Machine Learning Performance Engineer
We are seeking a highly skilled Machine Learning Performance Engineer to join our team. This is an exciting opportunity for a talented individual to work on cutting-edge AI projects and push the boundaries of what is possible.
Key Responsibilities
* Design and implement high-performance machine learning models using Python, C++, or Rust.
* Optimize GPU performance engineering, including CUDA, PTX/SASS, Tensor Cores, memory hierarchy, and warp-level primitives.
* Collaborate with research and infrastructure teams to develop efficient training methods and deployment strategies.
Requirements
Technical Experience
* Strong background in computer science and software engineering.
* Familiarity with ML frameworks like PyTorch and their internals.
* Proficiency in profiling and debugging tools like NSight, CUDA GDB, nvprof, and NSight Compute.

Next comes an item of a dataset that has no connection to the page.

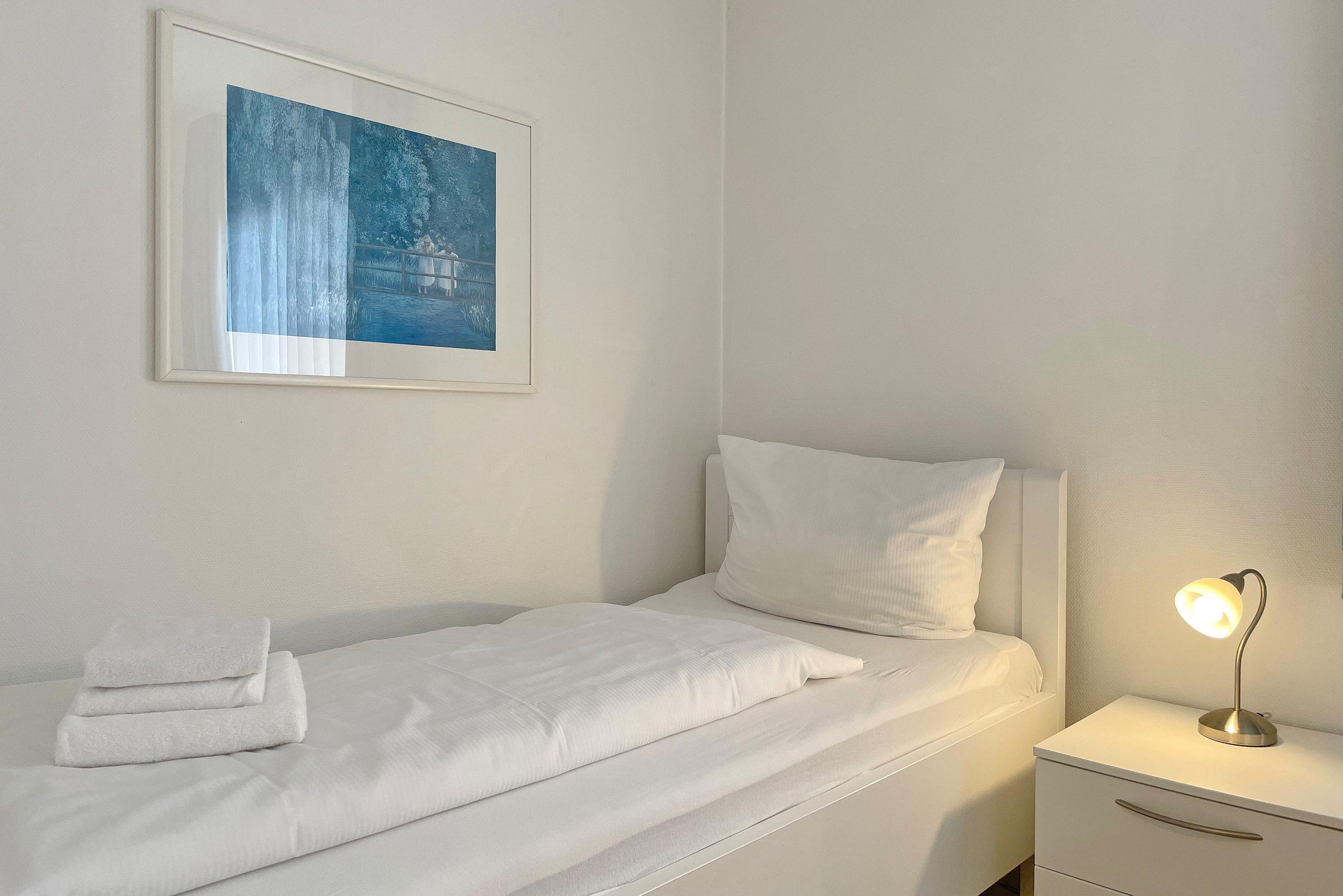 In zentrale und ruhiger Lage befindet sich die Anlage Gästehäuser Lindemann mit seinen 6 Ferienwohnungen auf einem 2000 qm großen und gepflegten Grundstück. Verbringen Sie Ihren Urlaub in einer der freundlich eingerichteten ca. 42 qm großen Ferienwohnungen, die alle sehr ähnlich eingerichtet sind und einen erholsamen Urlaub für 2 Personen anbieten. Das Wohnzimmer mit integrierter Essecke und Küchenzeile ist gemütlich eingerichtet und mit Flachbild-TV, W-Lan und Telefon ausgestattet. Von hier aus gelangen Sie auf die Terrasse, die in den Sommermonaten mit Gartenmöbeln ausgestattet ist. Die neu eingebaute Küchenzeile mit Mikrowelle, Geschirrspüler, Ceranfeldherd und Kühlschrank mit Gefrierfach lädt zum Kochen ein. Weiterhin erreichen Sie über den Flur das Badezimmer mit Dusche, Fenster und Doppelwaschtisch sowie ein Schlafzimmer mit 2 Einzelbetten (90 x200 cm) und Kleiderschrank. Das im Wohnzimmer befindliche Schrankbett (180 x 200 cm) dient als Ausweichmöglichkeit, falls Sie getrennt schlafen möchten. Die Wohnungen eignen sich auch hervorragend für befreundete Pärchen, die zusammen Ihren Urlaub verbringen, doch gerne ein wenig Privatsphäre dabei haben möchten. Sie finden in unmittelbarer Nähe alles, was Sie benötigen vom Einkaufladen, über den Bäcker, zu gemütlichen Cafés und Restaurants bis zur Wyker Innenstadt. Strand und Meer sind auch nicht weit entfernt und jederzeit einen Spaziergang wert. Ein gemeinschaftlicher Parkplatz am Haus und eine gemeinschaftlich, nutzbare Waschmaschine runden das Angebot ab.

* Experience with distributed systems and HPC, including Infiniband, NVLink, RoCE, GPUDirect, NCCL, and MPI.
Your Mindset
* A hacker's curiosity: you love breaking things down and figuring out how to make them faster.
* Product intuition: performance isn't abstract to you, it's about real-world impact.
* Collaborative spirit: you're excited to work across research, infra, and open-source teams.
About Us
We value diversity and inclusivity in the workplace. We welcome applicants from all backgrounds and encourage transparency and high-integrity work.